Shire joins orphan disease rush with $500 million Acceleron deal
This article was originally published in Scrip
Shire has joined the ranks of large pharmaceutical companies pursuing deals and acquisitions in the orphan disease market by acquiring the rights to Acceleron's Duchenne's muscular dystrophy (DMD) treatment ACE-031 outside of North America.
The deal follows a wave of recent activity in orphan disease deals. Pfizer acquired the private US company FoldRx Pharmaceuticals last week, while in June GSK extended its deal with Prosensa covering novel RNA-based treatments for DMD (scripintelligence.com, 2 September 2010 & scripintelligence.com, 23 June 2010). Sanofi-Aventis's pursuit of Genzyme, which has a health portfolio of rare disease products, coupled with Shire's deal with Acceleron adds further weight to speculation that the industry is finally realising the potential benefits offered by specialty and orphan disease research.
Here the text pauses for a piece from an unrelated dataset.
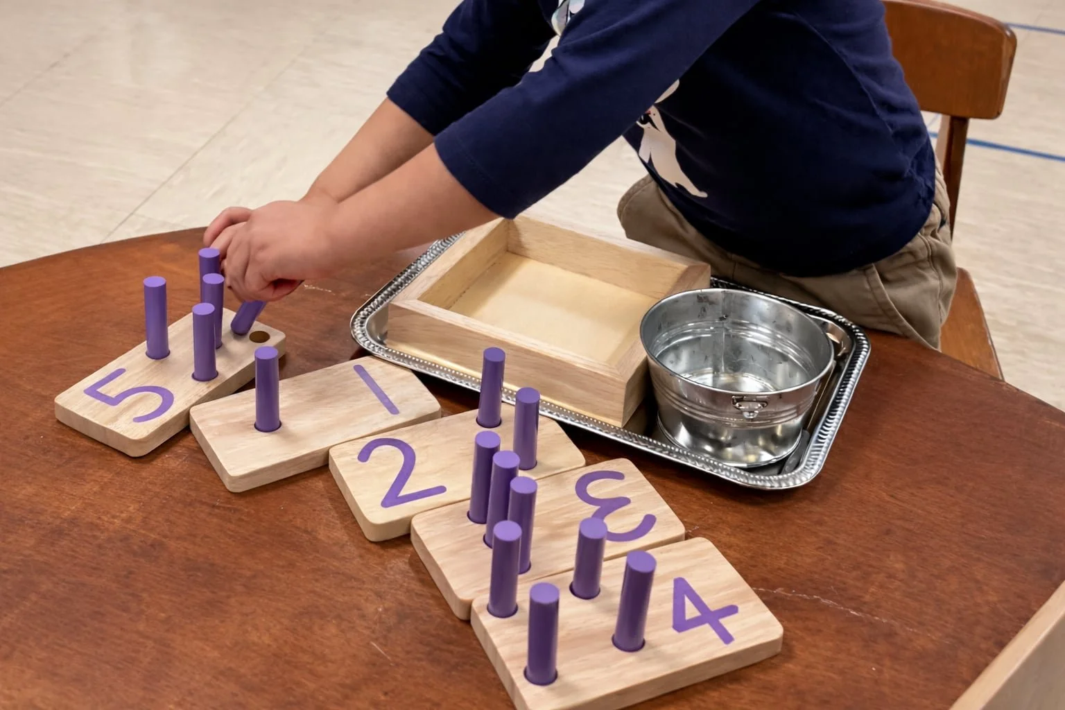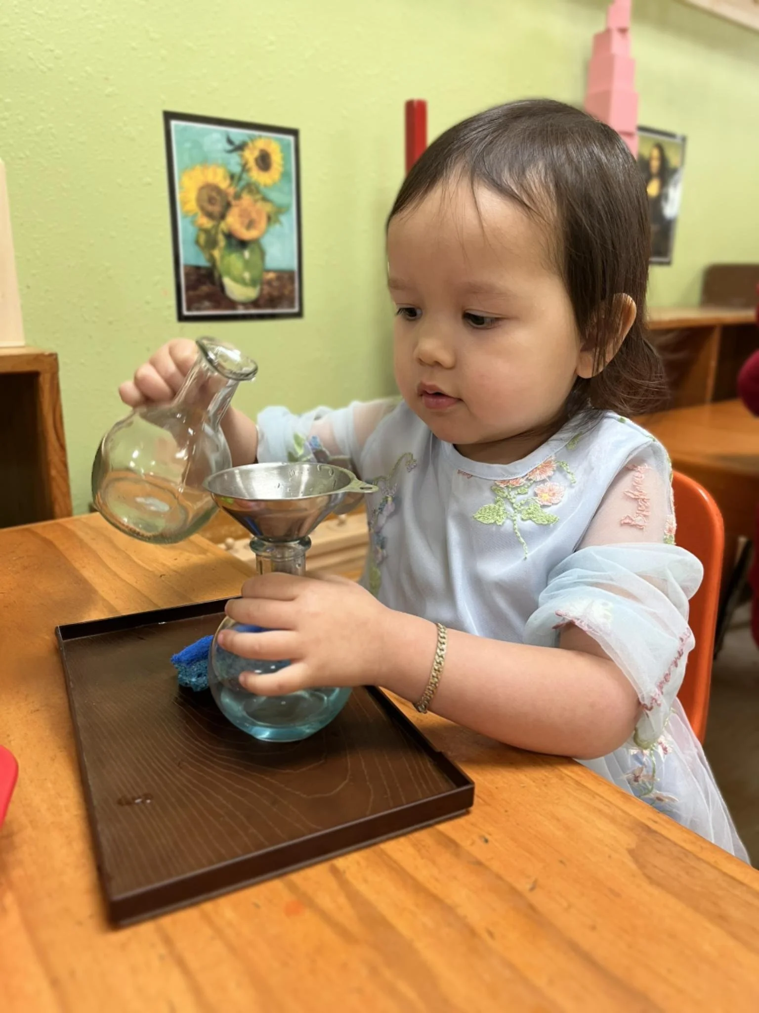 Everything in the environment invites the child to do things for themselves—carrying, pouring, sorting—building a deep sense of capability.
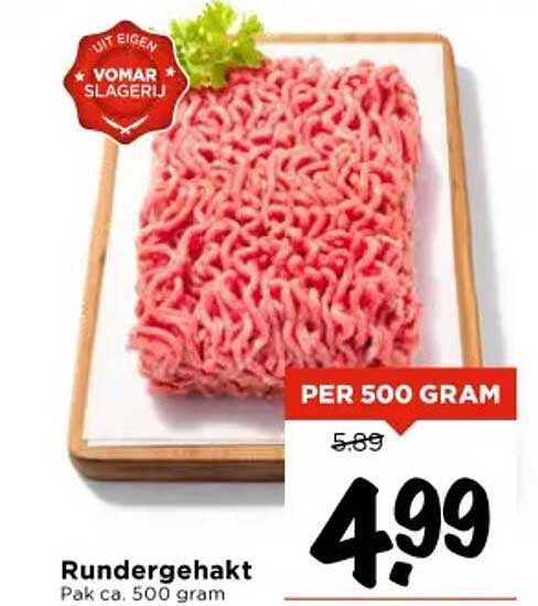 Normaal gesproken kost dit rundergehakt €5,89 per 500 gram, maar nu kun je het verkrijgen voor slechts €4,99! Dat betekent een directe besparing van €0,90. Dit is dus niet alleen een smakelijke keuze, maar ook een zeer voordelige aanbieding die je niet wilt missen.

Shire is to pay Acceleron $45 million up front, as well as up to $165 million in regulatory and sales milestones for the commercialisation of ACE-031 and up to an additional $288 million if ACE-301 is commercialised in other indications. The deal has not impacted Shire's full-year non-GAAP EPS of $4.00.
ACE-031 is a human, recombinant fusion protein produced by joining a portion of the human activin receptor IIb (ActRIIB) receptor to a portion of a human antibody. Shire and Acceleron hope to advance the product into a global Phase II/III clinical programme designed to demonstrate disease modification in DMD patients.
The product is currently in a double-blind, placebo-controlled, dose-ranging Phase II trial in 76 patients with DMD receiving concurrent corticosteroid treatment, to assess its safety, tolerability and pharmacokinetics. Trial completion is expected in Feb 2012.
Although it is hard to predict when the product may reach commercialisation, it could be on the market by 2016, Shire told Scrip.
Shire's Human Genetics Therapies business already has a sizeable pipeline of orphan disease drugs including Vpriv (velaglucerase alfa) and Replagal (agalsidase alfa), which are in registration for the treatment of Gaucher's disease and Fabry disease, respectively.
However, through the acquisition of ACE-301 rights, Shire will be competing against the world's second largest pharma company, GSK, which acquired the rights to Prosensa's PRO-051, a 2'-O-methyl antisense oligonucleotide in October last year (scripintelligence.com, 14 October 2009). The product, which is due to enter pivotal Phase III trials this year, causes exon skipping of exon 51 during mRNA splicing.
Acceleron's CEO Dr John Knopf said: "The structure of this collaboration allows Acceleron to retain commercial rights in North America with the opportunity to build a highly valuable business while collaborating with an ideal partner for ACE-301."
Shire will use its manufacturing in Lexington, Massachusetts, to produce commercials supplies of the product for both itself and Acceleron, which will commercialise any product in North America.